Evidence Grade E — Very limited evidence. 0 published studies. 0 registered clinical trials.
Medically reviewed by a licensed medical professional
PEG-MGF is a PEGylated version of MGF (Mechano Growth Factor), where a polymer chain is attached to extend its duration. No peer-reviewed studies of PEG-MGF as a defined product exist. The PEG chain length, attachment site, and resulting properties are not standardised — meaning products sold under this name may differ from one another. It is one of the least-characterised compounds in this database.
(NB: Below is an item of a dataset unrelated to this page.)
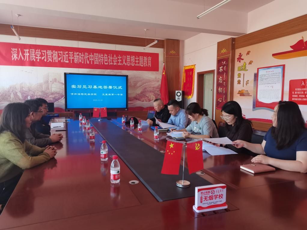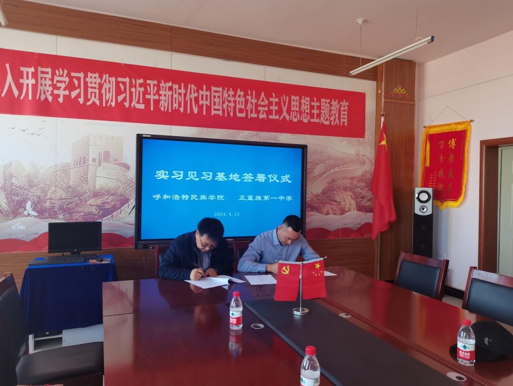 4月15日上午,外国语学院党总支书记朱俊杰、外国语学院副院长秦红喜、英语教研室主任乌优、党政办负责人春梅一行四人赴锡林郭勒盟正蓝旗第一中学举行“实习见习基地”签约授牌仪式。正蓝旗第一中学校长斯日古楞、副校长阿拉腾花、副校长乌宁其、副校长孟根胡雅嘎、英语组组长苏龙高娃院出席参加了仪式。

PEG-MGF is also known by these brand and alternate names:
No published studies found on PubMed.
PEG-MGF has no marketing authorisation. No peer-reviewed studies of PEG-MGF as a defined PEGylated peptide entity exist. The PEG chain length, attachment site, and resulting pharmacological properties are not standardised.
The absence of any characterisation studies means that products sold as PEG-MGF through unregulated channels have no defined molecular identity, no quality standards, and no basis for predicting their behaviour. This compound represents one of the least-characterised entries in this database.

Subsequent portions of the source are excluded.